Yes, I earn a decent living by selling catfish fingerlings to fishermen

Matured Catfish being harvested.(Photo: Nanjinia Wamuswa)

Most Christians do not eat catfish, referring to the Bible in Leviticus, which says, “Of all the creatures living in the water of the seas and the streams you may eat any that have fins and scales.” Catfish does not have scales.

But other fish types find catfish delicious and fishermen use its fingerlings as bait in deep waters of Lake Victoria. That is how Joel Aduma reaps big from his catfish farming.

Between 1996 and 2003, the retired primary school teacher was one of the most prolific tilapia fish farmers in Masana village at the border of Vihiga and Kisumu counties. But the Aduma, 65, suddenly changed and ventured into the little known clarias fish farming.

Clarias, commonly known as catfish, are a diverse group of ray-finned fish, named for their prominent barbels, which resemble a cat’s whiskers.

In Western, they are common in shallow streams, and mostly reproduce in natural environments during rainy seasons.

“Not many people like to eat this fish, but flexible Christians have no issue with it, and it is very delicious,” says Aduma.

Having discovered the secret to running a successful catfish farming, Aduma, who learnt his skills while teaching at Sidika Primary School in Nyahera, Kisumu West, now focuses on propagation of catfish and selling the fingerlings when they are 21 days old.

“The fingerlings are on high demand. So I use the big catfish for propagation, while only a few are sold as food,” he says, adding that more fish farmers from the area have discovered the secret to catfish farming.

In propagation, Aduma kills two six-month-old male catfish and extracts their pituitary glands, which are found under the skull, and puts them in a glass of water. He adds one tablespoon of table salt to the water and stirs into a solution. Two mililitres of the solution is then drawn in a syringe and injected into a six-month female catfish from behind. The female fish must have eggs that are just beginning to turn grey.

The injection is meant to trigger ovulation in the female catfish, which is kept in a special propagation equipment for two days.

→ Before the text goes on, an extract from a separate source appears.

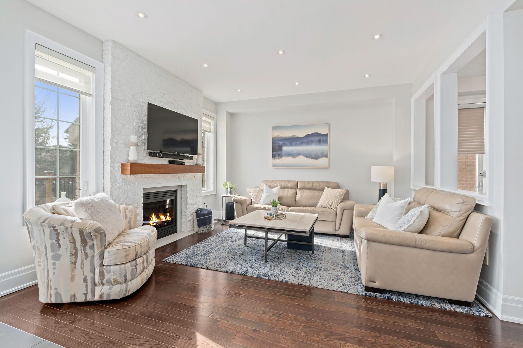 Wake up to breathtaking sunrises over the pond in this stunning georgetown south home, perfectly positioned on a premium lot where nature becomes part of your everyday life. From the moment you arrive, the custom flagstone porch and grand double door entry set the tone for what awaits inside. Step into a soaring foyer that opens into a beautifully finished home, where every detail has been thoughtfully curated. The heart of the home is a magazine worthy, fully renovated kitchen designed to impress, flowing seamlessly into the family room, complete with a striking stone gas fireplace and expansive views of the water beyond. With 4 spacious bedrooms and 4 bathrooms, including a dream primary retreat with a luxurious ensuite, this home offers both comfort and sophistication. Hardwood floors, custom ceilings, crown moulding, and pot lights add warmth and elegance. The finished basement with a custom fireplace provides the perfect space for a home office or quiet retreat, adapting effortlessly to your lifestyle. Step outside to a spectacular two-tier deck wrapped in natural stone, extending around the side and front of the home-an ideal setting for entertaining or simply unwinding while surrounded by peaceful views and the sounds of nature. Located just steps to scenic walking trails, the gellert community centre, shopping, and convenient commuter routes, this home blends tranquility with everyday convenience. With no sidewalk, there's parking for up to 6 vehicles. This is more than a home, it's a lifestyle you'll fall in love with.

On the third day, the fish is removed, and the ovulated eggs are squeezed out on a special net dipped in water in a propagation trough and the solution of pituitary gland in the glass poured on the eggs for fertilisation.

The fertilised eggs are then left in the trough for two days, where about 10,000 fingerlings are hatched and transferred into a small fertilised pond, where they grow as they wait to be supplied to the market.

“The catfish fingerlings rarely die, especially if the environment is not harsh. They feed on the small plants from the fertilised pond and can be sold after 21 days at Sh5 each,” says Aduma.

From one propagation, Aduma makes about Sh50,000 and he does two propagations in a month. “The biggest advantage with catfish is that they are hardened and are rarely infected by diseases. They also eat many things, including food remains, worms and other algae plants in the pond, so feeding them is cheap,” says Aduma. The biggest challenge is that they cannot reproduce in a pond and a farmer requires specialised training to earn big from the trade.

“The fish are also very violent and eat their fingerlings, hence they cannot be put in one pond with smaller ones,” he says. however, Aduma adds, this can be an advantage as the catfish can be used to control the population in tilapia ponds.

They are also active and can jump out of the ponds and into the natural waters, especially during rains.

Aduma got interested in fish farming in 1996, when Kisumu Catholic Archbishop Zacchaeus Okoth introduced the practice in schools.

He says he was one of the teachers trained to champion the project in his school.